Source records below:

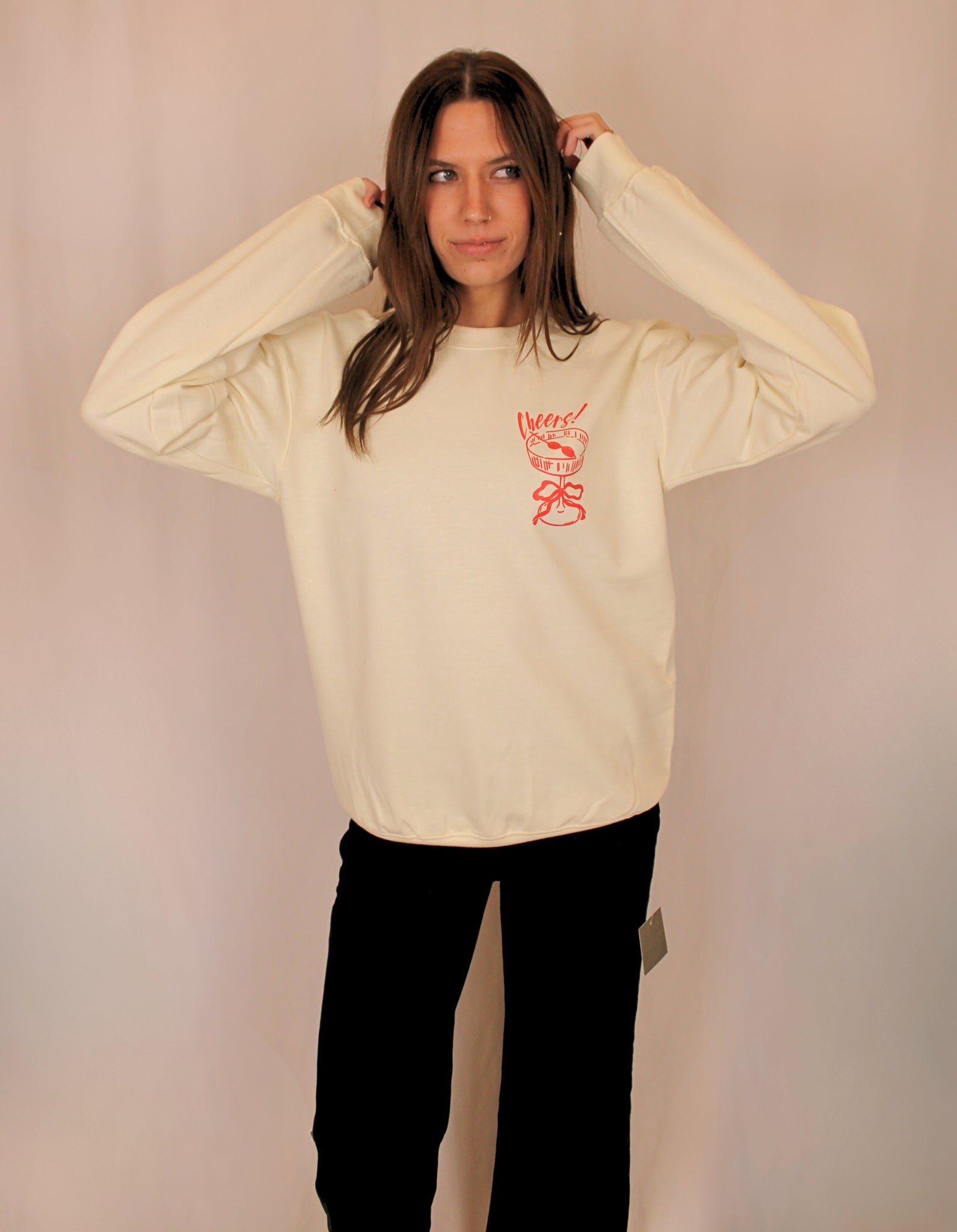 Celebrate the season with a little holiday spirit — literally. Our off-white crewneck sweatshirt brings cozy comfort and a cheeky twist to your festive wardrobe.
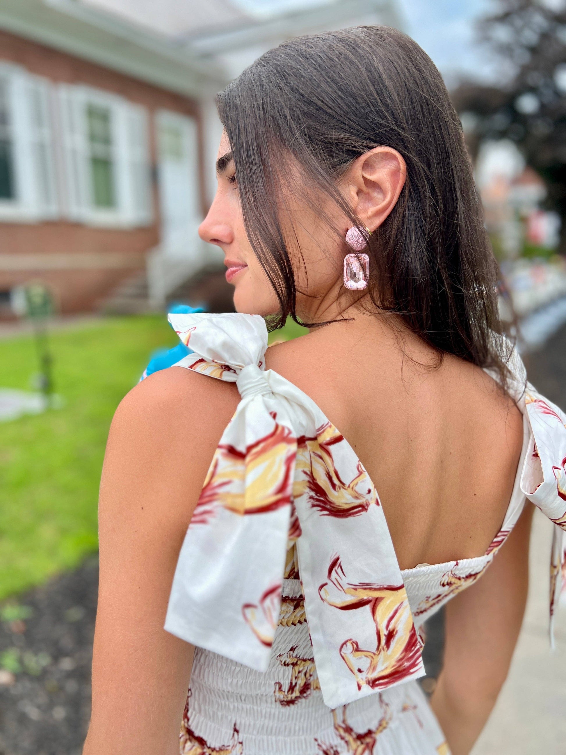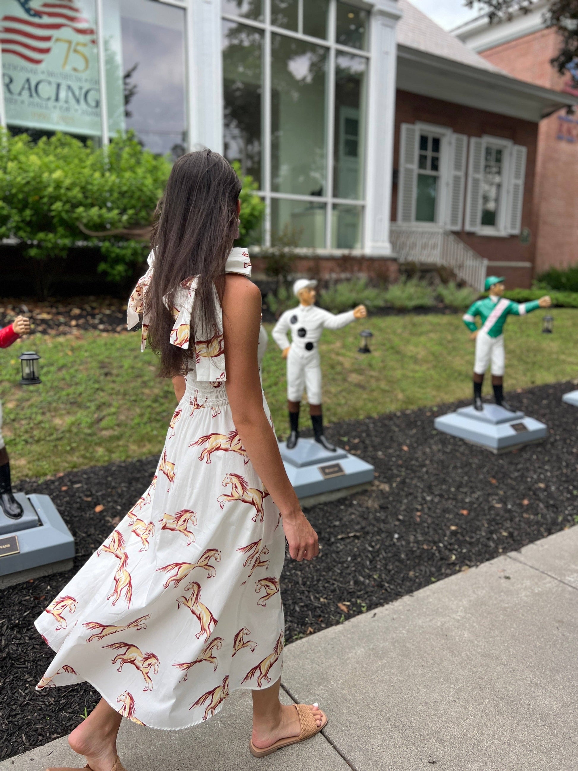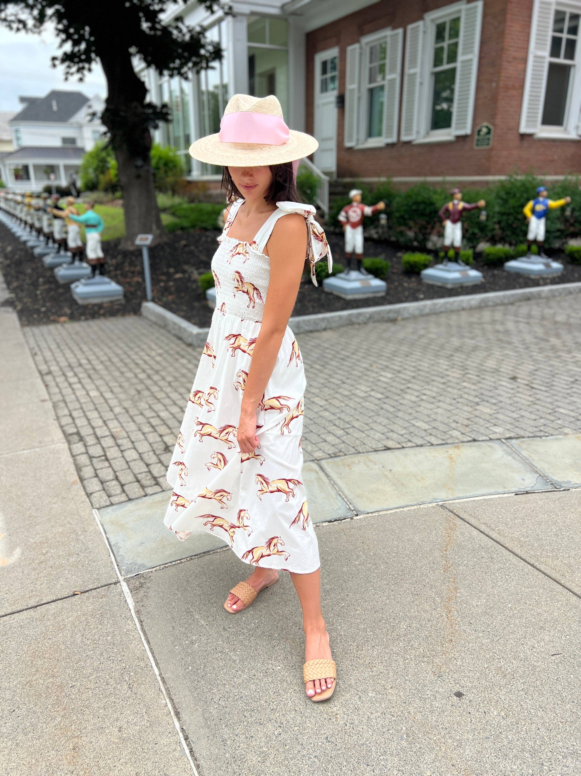 Our top-selling Emma Bow Maxi Dress in a new horse print, perfect for celebrating the excitement of Saratoga Horse racing season.
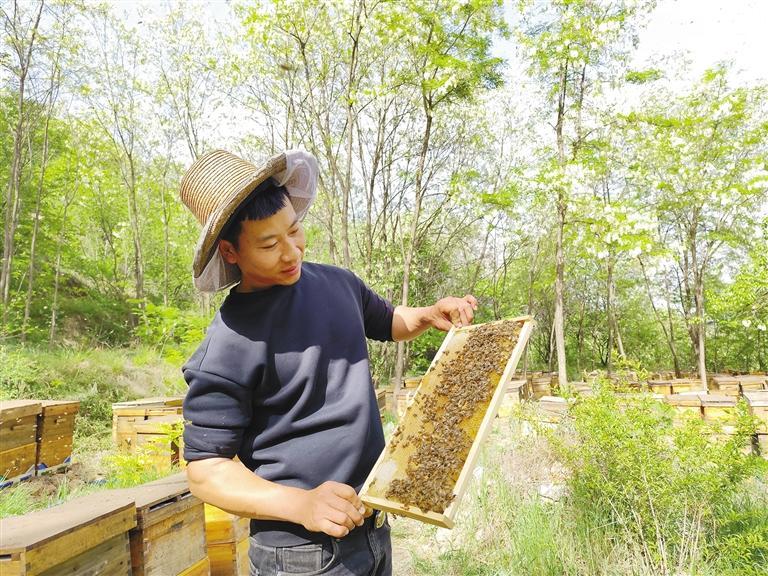 近日,永寿县40万亩槐花次第绽放,吸引了众多养蜂人。图为4月30日,四川泸州蜂农陈光明在永寿县渠子镇洛安村的槐树林忙碌。 本报通讯员 李建龙摄
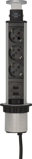 Tower Power USB-charger stekkerdoos 3-voudig met randaarde en met dubbele USB-laadingang 2m H05VV-F 3G1,5 Volledig verzonken in tafelblad Stekkerdoos voor permanente inbouw. Kan worden verzonken in het bureaublad. Geschikt voor werkplekken, keuken, hobbyruimtes enz.
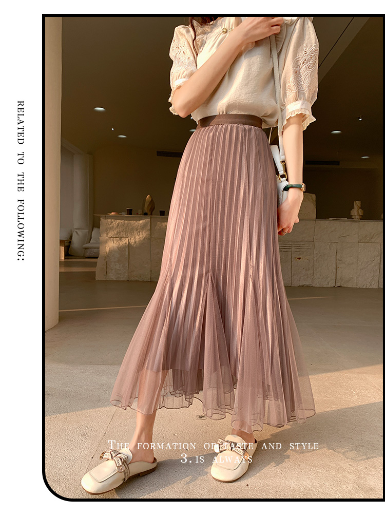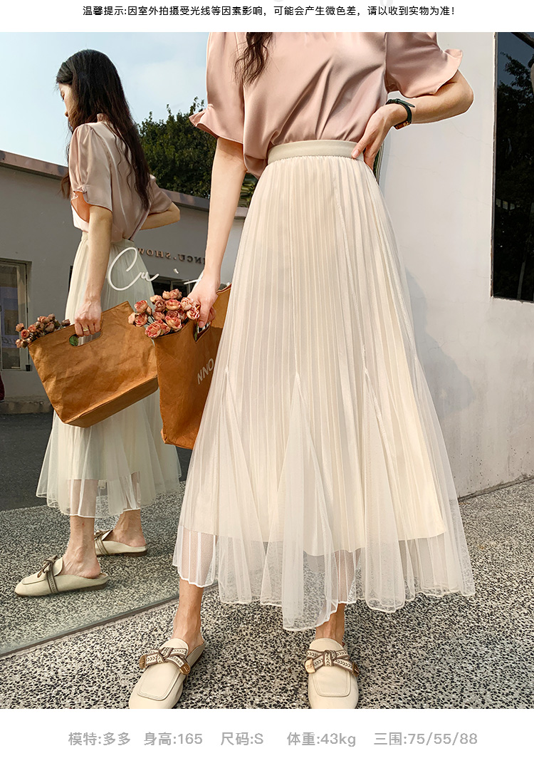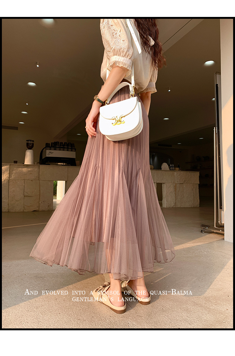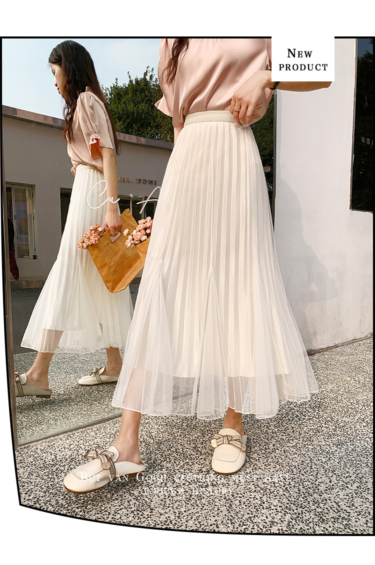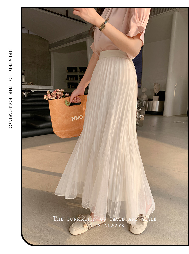 PF219#原创小众网纱半身裙2024春夏高腰a字百褶裙中长款鱼尾纱裙女长裙

End of Source records.

Would you please output only the lines from the start of the material above up to and including the line with "Our top-selling Emma", exactly as they appear and without pictures?

 Celebrate the season with a little holiday spirit — literally. Our off-white crewneck sweatshirt brings cozy comfort and a cheeky twist to your festive wardrobe.
 Our top-selling Emma Bow Maxi Dress in a new horse print, perfect for celebrating the excitement of Saratoga Horse racing season.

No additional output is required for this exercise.